The relationship between convective fluid transport and diffusive solute transport is not well understood in porous materials used as cell culture substrates [6]. Here, within the isotropic structures, the translational diffusion coefficient was found to vary in a similar way to the fluid permeability of the materials, increasing with d and dp, and decreasing with τ, as measured for the same standard set of samples [17]. However, contrary to what was reported for convective transport in these materials, where the fluid permeability of the aligned scaffolds was found to be larger than the isotropic counterparts [17], here it was observed that the translational diffusion coefficient was smaller in the aligned scaffolds (Fig. 4). A structural comparison between these two types of structures made with the same collagen slurry concentration showed that the aligned scaffolds possess a smaller tortuosity and larger percolation diameter in the direction of the alignment, despite a smaller pore size and larger average collagen volume fraction (Table 1). These results suggest that convection and diffusion are differently affected by the complex morphologies of microporous scaffolds, in contrast to what seen in nanoporous hydrogels [6].

In comparison with nanoporous hydrogels, the microporous materials assessed possess a striking capacity to carry solutes, most obvious when considering the translational diffusion coefficient, which impacts the availability of cell nutrients diffusing from a source outside the scaffold. Fitting a power law to the diffusion coefficient results for the 0.5%wt scaffolds, we can predict the diffusion of a protein like albumin, which is metabolized by mammalian cells to extract necessary amino acids [46] and possesses a molecular weight in the range of those considered (≈70 kDa [47]). Our results suggest that albumin would possess an effective room temperature diffusion coefficient of ≈40 μm2 s−1, much larger than that reported for its diffusion in collagen hydrogels at body temperature (22 μm2 s−1 at 37 °C) [13].

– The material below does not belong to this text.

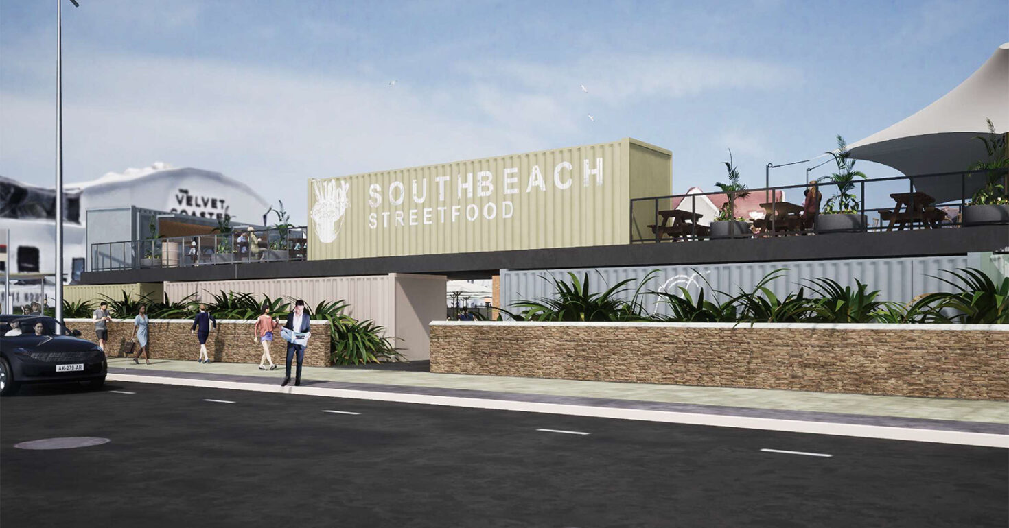 Called ‘Southbeach Streetfood‘, the plans consist of the redevelopment of the vacant site on the seafront, installing 18 shipping containers to create a space for street food and drink vendors – much like Hatch here in Manchester or Boxpark in London.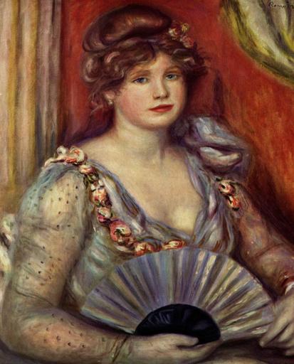 | Keywords: Pierre-Auguste Renoir 013.jpg Artwork de Dame mit Fächer Oil Canvas cm 65 54 de New York de Sammlung Durand-Ruel Yorck 1908 Creator Pierre-Auguste Renoir http //mail wikipedia org/pipermail/wikide-l/2005-April/012195 html Other versions PD-old-auto 1919 PD-Art-YorckProject 1908 paintings Décolleté in art Portraits with fans Female hair fashion in art 1908 Paintings of women by Pierre-Auguste Renoir Female necklines in art People with Curtains Females with red background Faces of women in art Females in art in three-quarter views Female arms |

The values reported in this study can be used to evaluate the influence of structural parameters on the diffusivity of other molecules within microporous scaffolds at different scales, even after adjustments for changes in temperature and cell culture media viscosity. It is critical to note that, in addition to the analysis presented, one may expect that the presence of cell-produced ECM, as well as consumption of nutrients by the cells, will result in a decrease in the overall transport depth [43, 48]. Similarly, our analysis does not take into consideration electrostatic [49] or osmotic [50] effects within the scaffolds, which were found to impact fluid transport and so may also affect solute transport. However, the open nature of the freeze-dried scaffolds will likely make them less affected by these factors compared with denser hydrogels. For these reasons, the microporous materials considered here may be more suitable than nanoporous hydrogels to allow 3D culture of cells at large depths.

5 Conclusions

The studies conducted here show that diffusion of macromolecules within microporous tissue engineering scaffolds is scale-dependent, with different structural contributions to transport depending on the distance from the source of solutes. This scale dependence of the diffusion is interesting, as from a practical point of view, the translational diffusion coefficient dominates the transport of nutrients when the source is distant, outside the scaffold during in vitro culture, while the self diffusion coefficient dominates the transport from de novo vasculature within the pores of the scaffold after implantation in vivo, with the two types of diffusion differently affected by the scaffold morphology. The results reported here, therefore, provide insight into the development of scaffolds with custom concentration gradient profiles and increased efficacy as platforms for 3D cell culture.